A crack had formed in the far wall. She stared at it, mesmerized, as it lengthened, shimmering silver as if the entire room was peeling itself. There was a noise as if the centre of the earth was splitting and, just in time, she understood what was happening. She threw her hands into the air as, all at once, the ceiling caved in and rolled sideways. Her ears filled with a racing noise. A heavy, unbearable light dropped hard on her, submerging her, making her cling desperately to the sofa, knowing that if she was washed away nothing could bring her back.
When at last the noise had stopped she lowered her arms cautiously and twisted her head. Nothing was as it had been. Everything had changed. Even the air was different: instead of being clear, it was silver and wavering. Beams of white light rippled through from overhead, silt swirling through them. She knew, just from the feeling of cold and dread, where she was. She was in Boesmansgat. A place for the foolish and the dead. Bushman's Hole.

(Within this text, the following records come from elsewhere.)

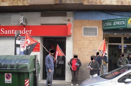 Hoy, jueves 6 de marzo, la CNT-AIT Sagunt nos hemos reunido en las dos sedes que el Banco Santander tiene en la localidad, para reclamar la readmisión del compañero Ángel, despedido por el banco en Madrid.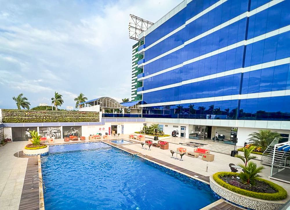 Encuentre un espacio de bienestar y diversión en la zona húmeda de Royal Elim International, escape de la rutina y disfrute de un hotel con piscina para niños y adultos a pocos minutos de la ciudad de Cali, viva un momento de relajación en el jacuzzi o sauna y tome el sol en la amplia zona alrededor con asoleadoras y salas de descanso mientras disfruta de una deliciosa limonada o soda de nuestro restaurante.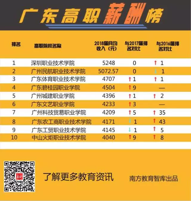 ▲廣東高職薪酬10強(qiáng),深職院、廣州民航平均月薪超5000元,超過(guò)不少本科院校。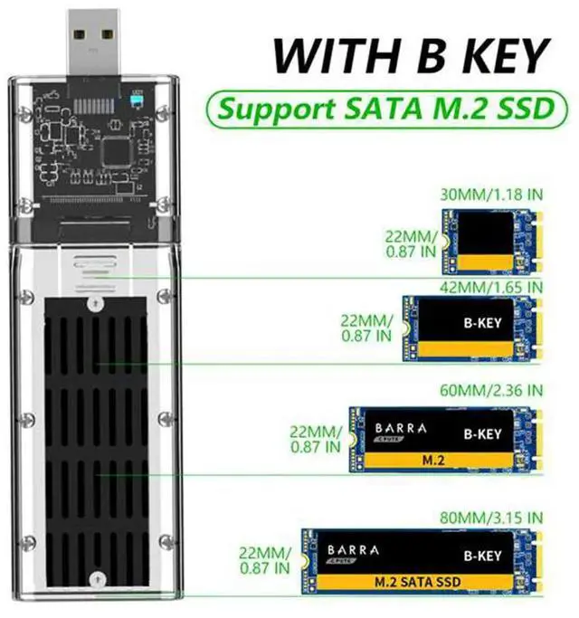 • External M.2 NGFF SATA SSD Enclosure High Speed USB3.0 Gen1 5Gb/S Transparent SATA SSD Hard Drive Case For PC

She tried to wriggle away, but instead of moving backwards into the sofa the water seemed to lift her and roll her over, and before she knew what was happening she was swimming, shooting fast through the cold. She sculled a little with her left hand, turning herself in a small circle because she couldn't orient herself immediately and, to start with, wasn't even sure which way was up. The light rays were there again, but this time they were sharp, like submerged stalagmites, and she didn't dare swim near them, thinking they might cut her. She steadied herself and began to swim slowly, the sweetest, absolute clarity flashing against her face, no bubbles, just the currents streaming around the dry suit. Gin clear. Now she understood what those words meant. Gin. Clear.

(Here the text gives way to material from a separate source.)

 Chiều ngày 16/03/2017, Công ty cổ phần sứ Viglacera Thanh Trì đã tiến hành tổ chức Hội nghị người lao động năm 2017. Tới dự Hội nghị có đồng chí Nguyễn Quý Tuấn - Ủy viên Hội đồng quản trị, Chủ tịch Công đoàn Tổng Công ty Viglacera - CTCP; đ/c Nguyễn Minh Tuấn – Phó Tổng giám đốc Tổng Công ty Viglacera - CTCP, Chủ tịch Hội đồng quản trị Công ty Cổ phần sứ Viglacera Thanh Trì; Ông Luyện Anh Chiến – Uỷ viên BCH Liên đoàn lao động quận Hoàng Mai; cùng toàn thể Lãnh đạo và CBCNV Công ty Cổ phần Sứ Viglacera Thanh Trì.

She'd swum for some time, going nowhere, knowing now what it felt like to be a fish, when she noticed radiance coming from the right. She brought herself to a halt and turned to it. It was the entrance to a cave, brightly lit, and after a moment's hesitation she swam towards it. As she came within ten metres of it, she saw there were figures inside the cave, lit up like a nativity scene in a church. Three faces in the yellow light, Dad's, Thom's and Kaiser's. It was a room she was looking at: there were two beds, a chair with a suitcase on it, a print of an orchid on the wall above Dad's head and dusty curtains against the window. She recognized it: the Danielskuil hotel room they'd stayed in the night before the accident.
'Dad?' she said tentatively, her mouth moving slowly. 'Dad?'
The sound came back, louder this time, wah wah wah, and, like a film coming off pause and cranking up, the figures in the room began to move. They bent towards each other, talking in low voices, checking their dive gear, and she realized, from the way her feet began to hurt, that this wasn't an hallucination but a memory, that she had been in this room too — somewhere she fitted into this tableau, off to one side, out of the immediate picture, but there anyway, because that night she'd been sitting on a bed with her feet wrapped in bandages, watching the men check the gear.